Speaking of guts, you’ll want to look through a few of [James’] other posts on the project. His first write-up on this clock shows off the protoboard and point-to-point soldering that makes the tubes work. To help simplify things he went with a MAX6921 VFD driver chip. He mounted it dead-bug style on its own piece of protoboard and then soldered all of the necessary connections to the larger hunk hosting the tubes. There’s also an interesting post that details the switch mode power supply which ramps the USB 5V power all the way up to the 50V used to drive the displays.
If you like this you should check out the first VFD clock he built. We featured it a while back in a links post.
Either the link is wrong or he’s been “HackaDay”ed already.
The latter sadly :( Hopefully it’ll be up from now on, stupid AWS.
Link up now. Unfortunately he’s done nothing to make an AC-waveform for the filaments, so there is brightness gradients :-/
There isn’t a visible gradient, if it looks like it in the picture it’s because of the photo angle and poor camera. I find with iv-18 and iv-3 tubes it’s very hard to see a gradient as long as you have a high enough filament current and drive voltage. The main problem I’m having is that all the tubes are second-hand, so they vary in brightness according to how old they are.
It was important to 3D print the plastic box because one for a dime from a thrift store just would not have done right?
I don’t really know where I’d buy a case – it’s not the sort of thing I think i’d find in any of the thrift stores near here.

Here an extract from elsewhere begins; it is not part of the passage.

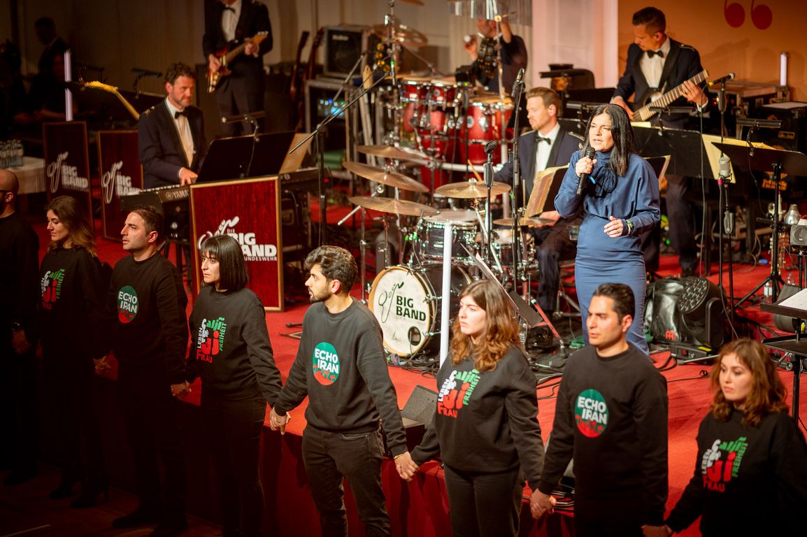 Nach dem Dinner tanzte Bundespräsident Steinmeier den offiziellen Eröffnungswalzer mit der Frau des Vorsitzenden der Bundespressekonferenz. Zuvor gab es einen weiteren emotionalen Aufruf und ein Lied für die Freiheit von der deutsch-iranischen Schauspielerin Jasmin Tabatabai. Sie sprach von einem «Kindermörder-Regime» im Iran und den sogenannten Revolutionsgarden als «Terrororganisation». Menschen würden verschleppt, vergewaltigt und brutal gefoltert. «Es zerreißt mir das Herz.» Umso wichtiger seien die Journalisten. «Die Wahrheit ist das, was das Regime am meisten fürchtet.» In Richtung von Außenministerin Baerbock sagte Tabatabai: «Ich bin Ihr Fan. Wenn Sie Unterstützung brauchen, ich bin da.»

Also, I’m at uni without most of my good tools, so cutting out the holes for the tubes would be a load more effort than 3d printing.
I am calling you out pcf11. Why make that comment? Did you read his post? He wrote, “I 3d printed a case I designed quickly. Ultimately I think I’ll mill/lasercut a prettier case out of wood, but having a 3d printer on my desk (mendelmax 1.5) was by far the quickest option.” Did you fail to read that, or are you being negative for the sake of being negative?
While we’re all so busy calling everyone else out I’ve never seen any Mendel style printer ever print out anything fast.